So...whoa. I guess I knew that it wouldn't be easy, but my first week on a pump was exhausting. Hell, my first *day* on the pump was pretty scary.
I arrived for my pump start at 9am, and the first thing we did was to actually start me on the pump. I was so nervous/excited, my hands were shaking a little :P. My nurse/CDE, Brenda, told me that for the first few set changes she wanted me to put the set somewhere on my abdomen -- somewhere I could see it, and also not someplace where my insulin absorption would change drastically if I exercised (like it might do in my thigh or butt). I noticed almost immediately after inserting the set that it was uncomfortable, and sure enough, it remained uncomfortable over the 3 days that I wore it (but more on my dislike for absomen sites later).
I got to eat breakfast next. Brenda and the nutrition student who was sitting in on a pump start (for credit hours, I think) left me for a bit while I chowed down, then came back about 20 minutes later to jump right back in to the pump training.
We next went theough "the checklist," which was essentially a (very repetitive) list of training items, most of which were things I already felt comfortable doing. We covered things like giving boluses, setting up carb ratios and insulin sensitivity, adjusting basal rates, etc. As far as using the pump goes I actually felt fairly confident, but I did want to spend more time learning how to make changes to basal rates & how to recognize when I need to make changes.
As we went through all of the training items, I did my 2-hour post-breakfast check (a little high), and my training went until around the 3.5-hour mark. After that they sent me home with instructions to check 2 and 4 hours after meals & twice overnight all week, and with a promise that Brenda would be calling me twice per day to discuss my numbers.

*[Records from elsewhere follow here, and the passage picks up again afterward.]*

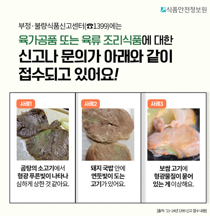 색깔만 형광색이 아니라 고기에서 상한 냄새와 맛이 나거나 끈적한 질감이 느껴진다면 먹지 않아야 합니다.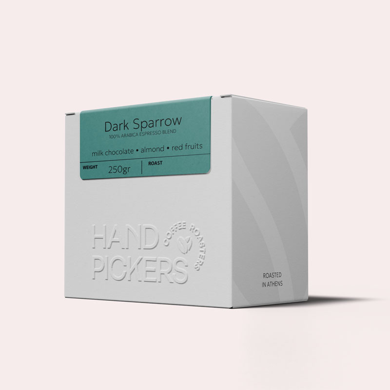 Ο Dark Sparrow είναι η έκφραση του σύγχρονου espresso όπως τον ονειρευόμαστε στη Handpickers: ισορροπημένος, σοκολατένιος και πολυδιάστατος. Με αναλογία 55% Βραζιλία, 25% Κολομβία και 20% Το Dark Sparrow γίνεται πιο εκλεκτό από ποτέ. Με 55% από Βραζιλία (Manteigueira Red Catuai, natural), 25% από Κολομβία (Huila Caturra, washed) και 20% από Αιθιοπία (Bildiimoo Chelbesa Danche, natural), αυτό το blend ισορροπεί γλυκύτητα, φρούτο και βάθος. Καβουρδισμένο στο Lighttell 65 για espresso. Ένα blend σχεδιασμένο για όσους εκτιμούν την πολυπλοκότητα και την ισορροπία σε κάθε γουλιά.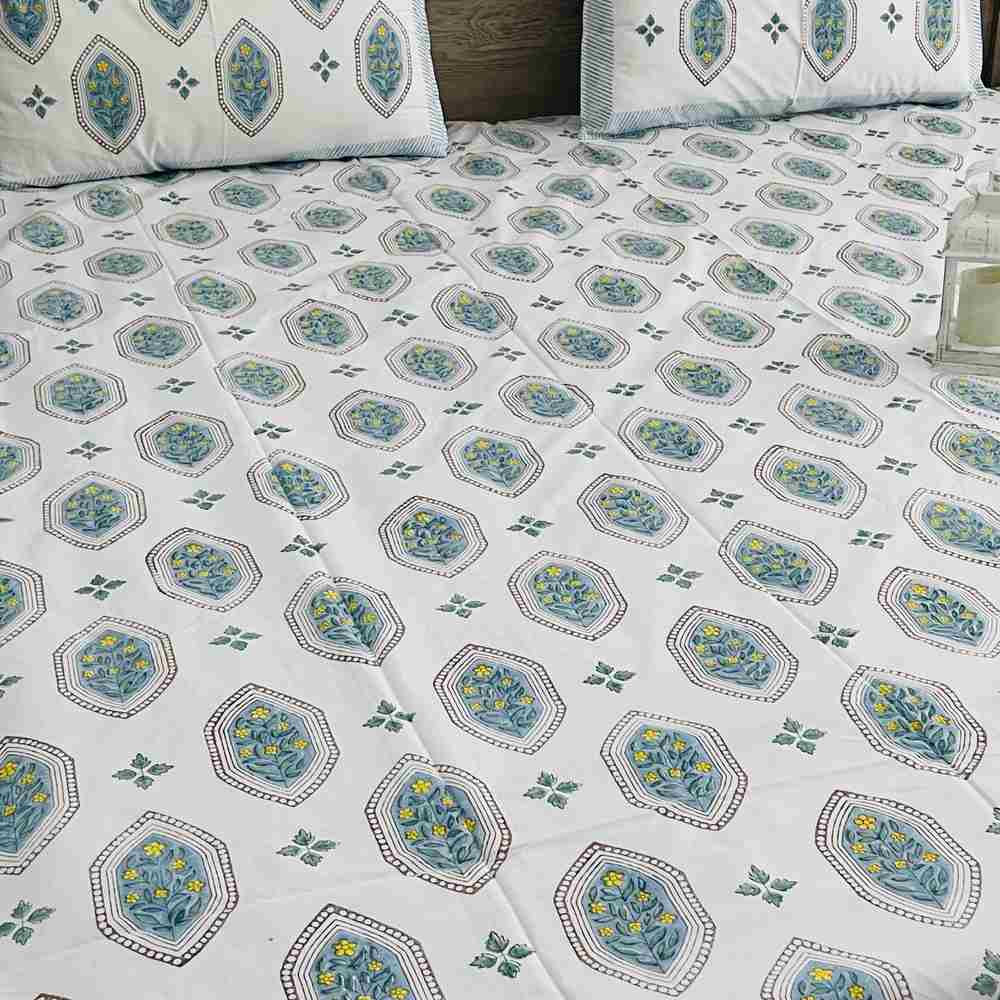 Premium Handblock flat kingsize bedsheet with 2 pillow covers, 400 TC 100% cotton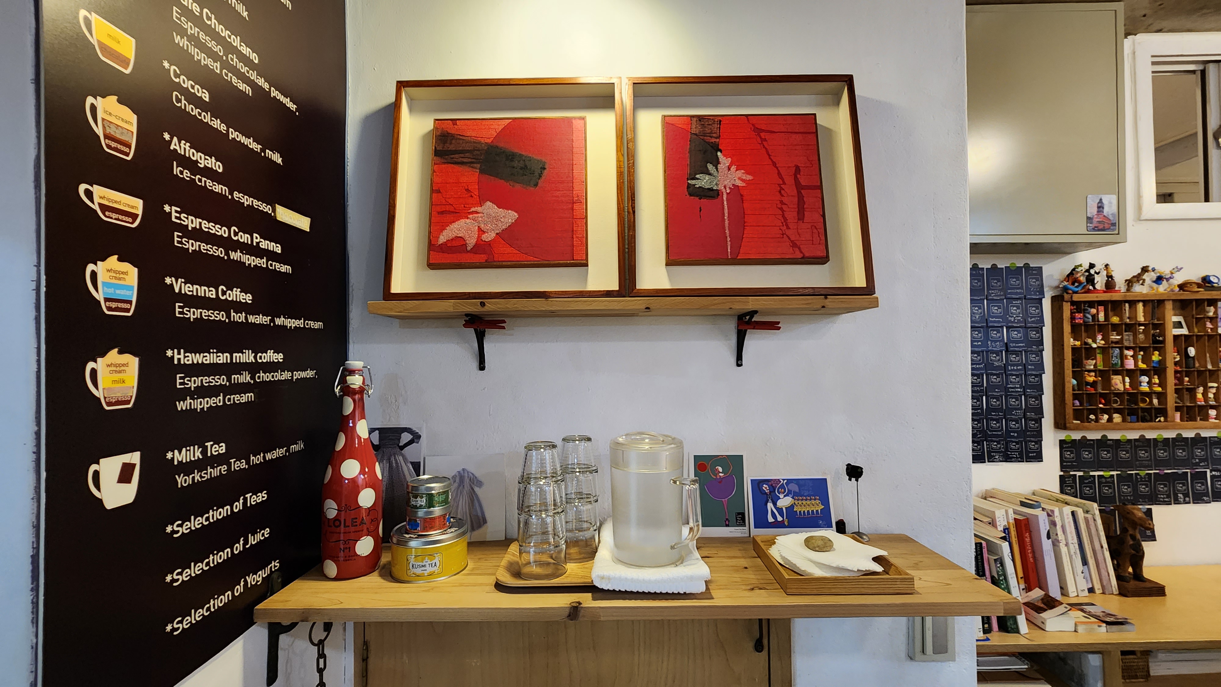 카페에서 읽을 수 있는 책과 손님들의 쿠폰들, 동글이의 눈길을 사로잡았던 피규어들까지 구경하는 재미가 쏠쏠했어요.

I had 2 bad lows on my first day on the pump; one after lunch and another after dinner. Both were scary, for me, as they were 2.2 and 2.4 and came with no symptoms.I honestly think that I was just so excited/tired/hungry/stressed that everything was out of whack. I hope that's what it was, since I never get lows like that with no symptoms...
Things started to calm down over the rest of the week, although I spent a lot of the week running a little on the high side. I was up overnight, multiple times, so I spent a lot of my waking hours taking short naps in between eating & doing post-meal checks. Overall, a pump start is definitely not an experience I'd care to repeat, but having gone through it I can say that I'm happy I put the work into fine-tuning my basal rates and carb ratios.
2 weeks in and I'm still feeling pretty good about being on a pump, so I'd say that's a good sign. There was always a small part of me that worried about the being-attached-to-a-device thing. I wondered whether having a visible sign of my diabetes clipped to my hip would start to weigh down on me and cause last year's burnout and depression to rear their ugly heads. If a pump was truly helping with my diabetes management, I know I could always turn to the wonderful doctors and medical professionals who helped me through it last time around, but quite honestly the while period was horrible and I wouldn't care to repeat it. The actual physical device has only been a minor annoyance when it comes to wearing dresses, but luckily that's it so far!